### HOW TO COMPLETE THIS TASK
Could you write out, exactly as they stand, only the lines in the listing below from the line with "is allows you" to the line with "類 似 種:ノジコは下面が硫黄色で、目の周囲が細く白く、下面の縦斑が殆どない。雌にも明瞭な眉斑と顎線はない。", both ends included, without the pictures?

### RECORDS SUPPLIED
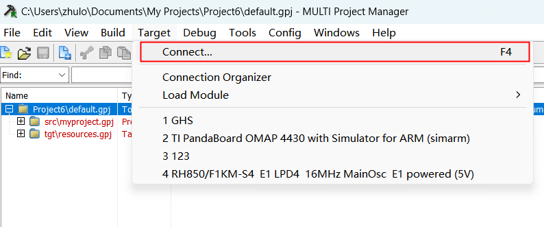 1)、進入項目管理界面,選擇<Target >--<Connect...>,進入連接選項界面。
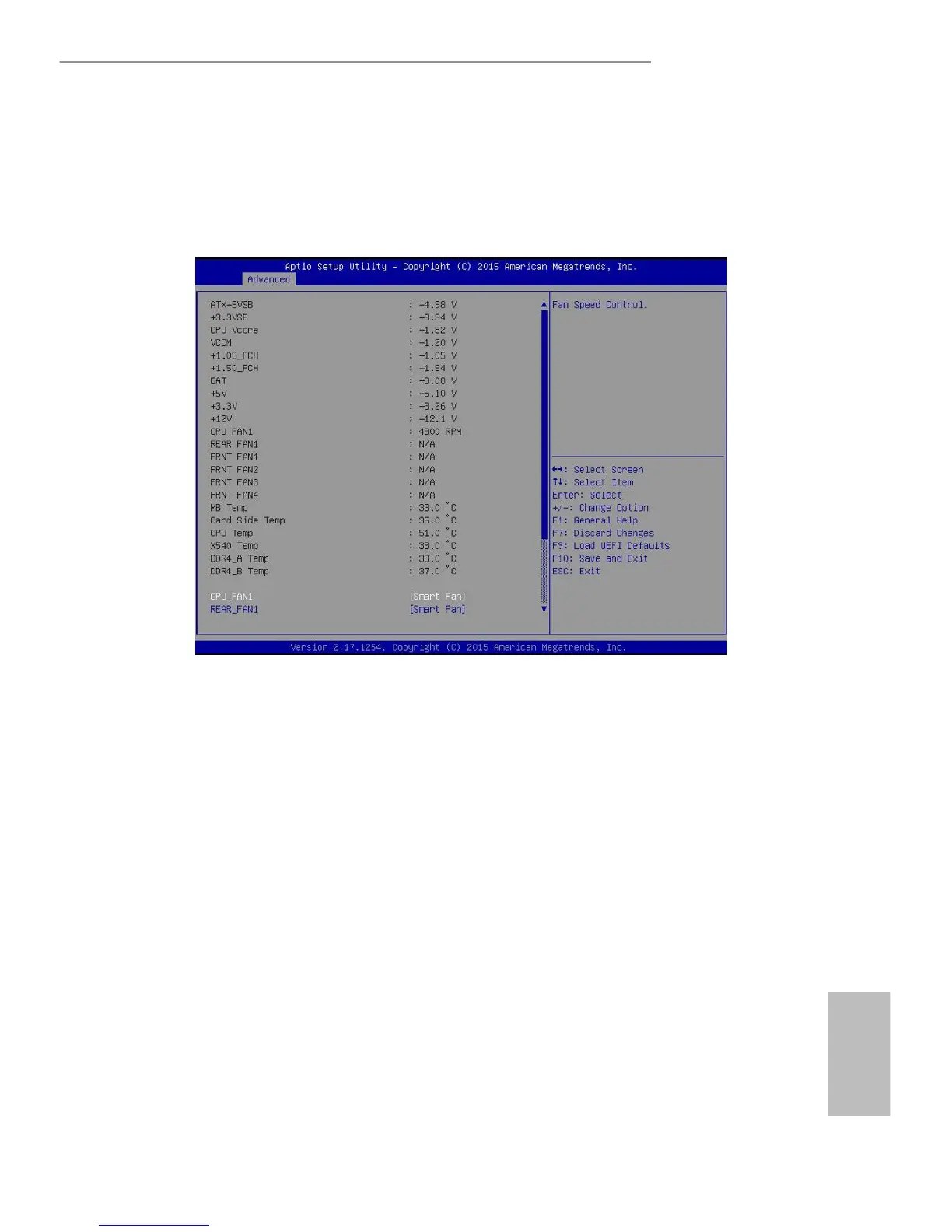 is allows you to set the rear fan 1’s speed. e default value is [Smart Fan].
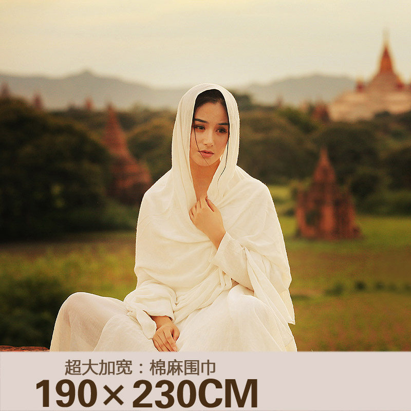 林制作棉麻围巾两用披肩 女秋冬纯色超长大舞蹈瑜伽亚麻丝巾2.3米
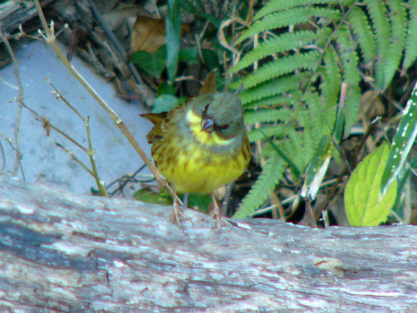 類 似 種:ノジコは下面が硫黄色で、目の周囲が細く白く、下面の縦斑が殆どない。雌にも明瞭な眉斑と顎線はない。
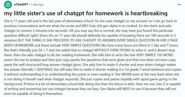 «Ей 11 лет, и она учится в последнем классе начальной школы. Она использует chatgpt на моей учетной записи, поэтому я могу вернуться к предыдущим разговорам и посмотреть, что она написала, и, блин, поколение альфа уже готово. Она начинает и просит chatgpt перевести 3 минуты в секунды. Вы можете сказать, что это нормально, что ей просто показался сложным этот конкретный вопрос, верно? (Хотя 11-летний ребенок определенно должен знать, что в 3 минутах 180 секунд) НО ДЕЛО В ТОМ, ЧТО ОНА ПРОДОЛЖАЕТ ПРОСИТЬ CHATGPT ОТВЕЧАТЬ НА КАЖДЫЙ ВОПРОС В ЕЕ 2-СТРАНИЧНОЙ ДОМАШНЕЙ РАБОТЕ, и среди них есть ОЧЕНЬ ПРОСТЫЕ ВОПРОСЫ, такие как сколько часов в 1 дне и 7 часах, то есть буквально 24 + 7, и она спросила об этом chatgpt, ДАЖЕ НЕ ПОПЫТАВШИСЬ решить это сама.

### TASK RESPONSE
 is allows you to set the rear fan 1’s speed. e default value is [Smart Fan].
 林制作棉麻围巾两用披肩 女秋冬纯色超长大舞蹈瑜伽亚麻丝巾2.3米
 類 似 種:ノジコは下面が硫黄色で、目の周囲が細く白く、下面の縦斑が殆どない。雌にも明瞭な眉斑と顎線はない。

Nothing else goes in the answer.